Rotor cup 26 according to the figure 4 substantially by the shape of its rotor groove 33A and 33B. That is, the rotor cup 26 shown in FIG. 4, a so-called T-rotor, has a pointed rotor groove 33B with a relatively long, radially arranged support 40B in the region of the rotor bottom 6.

Such trained rotor cups 26 are relatively insensitive to dirt deposits. In addition, can be 26 produce yarns with such rotor cups, which are ring yarn similar in yarn structure and yarn volume. As indicated in FIG. 4, the center of gravity of such rotor cups 26, depending on the respective rotor diameter D, starting at the rotor groove 33B, lies at the level of the rotor base 6 in the region of the portion 5OD. The distance d or di of the center of mass of the rotor cup 26 from the stop edge 60 of the rotor cup 26 is preferably between 5.88 mm and 7.51 mm in these rotors.

The rotor cup 26 shown in Figure 3, a so-called

G-rotor, has a less pointed than a T-rotor

Rotor groove 33A, which also has only a relatively short radially disposed support 4OA.

Such trained rotor cups 26 are indeed opposite

Dirt deposits much more sensitive, but allow the production of a voluminous, soft yarn.

As can be seen from FIG. 3, the center of gravity of such rotor cups 26 is also dependent on the respective one

Rotor diameter D, slightly spaced from the rotor groove 33A

Height of the inner region of the rotor bottom 6, that is, approximately on

Height of the designated in Figure 3 with 50B section.

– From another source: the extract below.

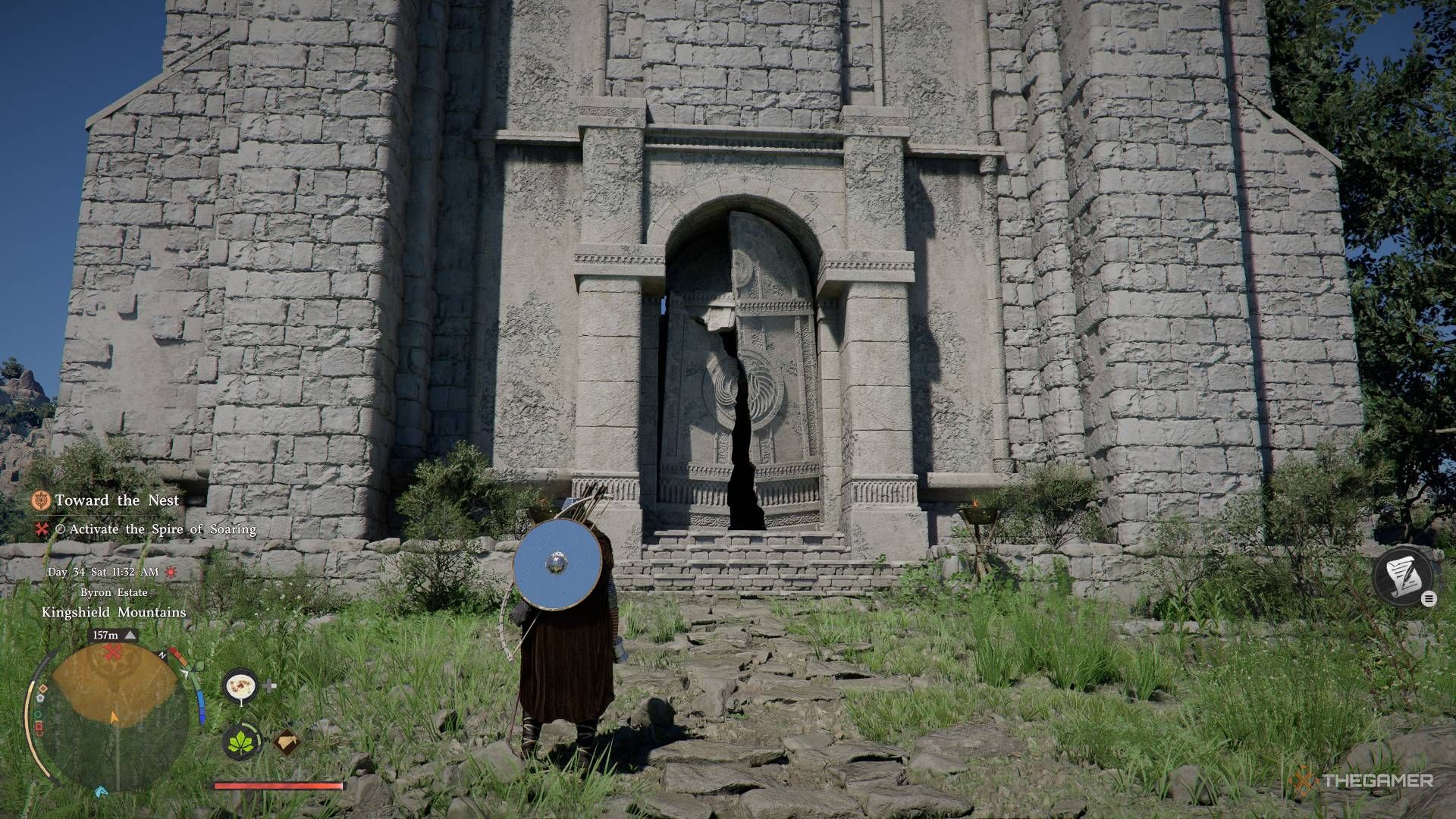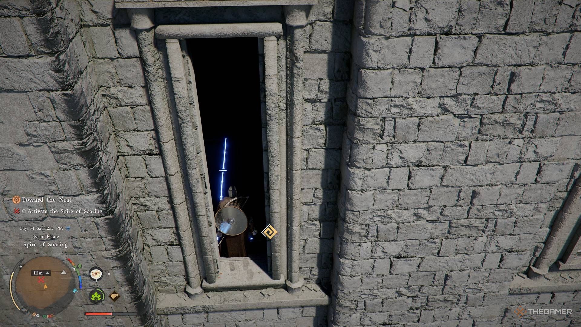 К сожалению, дверь сломана, поэтому войти через неё нельзя. Ваш единственный вариант — взобраться. На передней части башни есть разбитое окно, обращённое к двери, а также окна по бокам, которые можно использовать для подъёма.

That is, these G-rotors is the center of gravity of

Rotor cup at a distance b or bi from a stop edge of the rotor cup, which is between 5.75 mm and 7.06 mm.

Claims

claims:

1. Open-end spinning rotor for a cross-wound producing textile machine with a rotatably mounted on a magnetic bearing assembly rotor shaft and a rotor cup, which has a front rotor opening, a rotor opening from the outgoing Faserrutschwand, a so-called rotor groove and a rotor bottom with a molded connection collar, wherein the rotor cup via a connection shaft which can be fixed in the connection collar, is non-rotatable, can be easily detached if necessary, can be connected to the rotor shaft,

characterized,

in that the rotor cup (26) is produced as a thin-walled construction and is designed so that the center of mass of the rotor cup (26) is arranged in a region (5OB, 50D) which, viewed from the rotor opening (30), lies behind the fiber-slotted cup (31 ) lies.

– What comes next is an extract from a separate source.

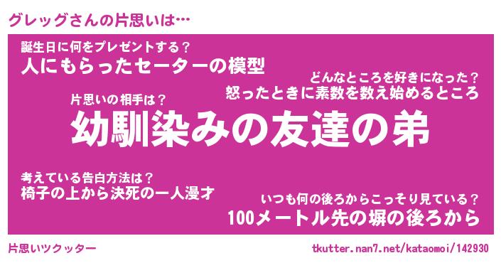| 男性向けラノベタイトル風あだ名 | 『グレッグの憂鬱』 |

2. open-end spinning rotor according to claim 1, characterized in that the rotor cup (26) has a rotor groove (33A) with a round groove bottom and a short, radially arranged support (40A) in the region of the rotor bottom (6), wherein the shape of the Rotor groove (33A) in conjunction with the diameter (D) of the rotor groove (33A) ensures that the center of mass of the rotor cup (26) in a region (50B) which is spaced from the rotor groove (33A) at the level of the inner region of the rotor bottom (33A) 6) is arranged.

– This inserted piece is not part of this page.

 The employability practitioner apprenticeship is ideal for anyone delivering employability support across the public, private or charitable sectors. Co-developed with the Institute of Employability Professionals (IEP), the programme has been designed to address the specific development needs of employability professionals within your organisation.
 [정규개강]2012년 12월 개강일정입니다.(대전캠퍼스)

3. open-end spinning rotor according to claim 2, characterized in that the center of gravity of the rotor cup (26) in a region (50 B), of a stop edge (60) of the rotor cup (26) a distance (b or bi) between 5 , 75 mm and 7.06 mm.

4. open-end spinning rotor according to claim 1, characterized in that the rotor cup (26) has a rotor groove (33 B) with a relatively sharp groove bottom and a relatively long radially arranged support (40 B) in the region of the rotor base (6), wherein the Shape of the rotor groove (33B) in conjunction with the diameter (D) of the rotor groove (33B) ensures that the center of gravity of the rotor cup (26) in a region (50D), starting at the rotor groove (33B), at the level of Rotor bottom (6) is arranged.

5. open-end spinning rotor according to claim 4, characterized in that the center of gravity of the rotor cup (26) in a region (50D), of a stop edge (60) of the rotor cup (26) a distance (d or di) between 5 , 88 mm and 7.51 mm.

6. Open-end spinning rotor according to one of the preceding claims, characterized in that the rotor cup (26) in the region of the fiber slipper wall (31), the rotor groove (33A, 33B) and the rotor bottom (6) has a nearly constant wall thickness (WS).

7. open-end spinning rotor according to claim 6, characterized in that the wall thickness (WS) of the rotor cup (26) is less than 1 mm.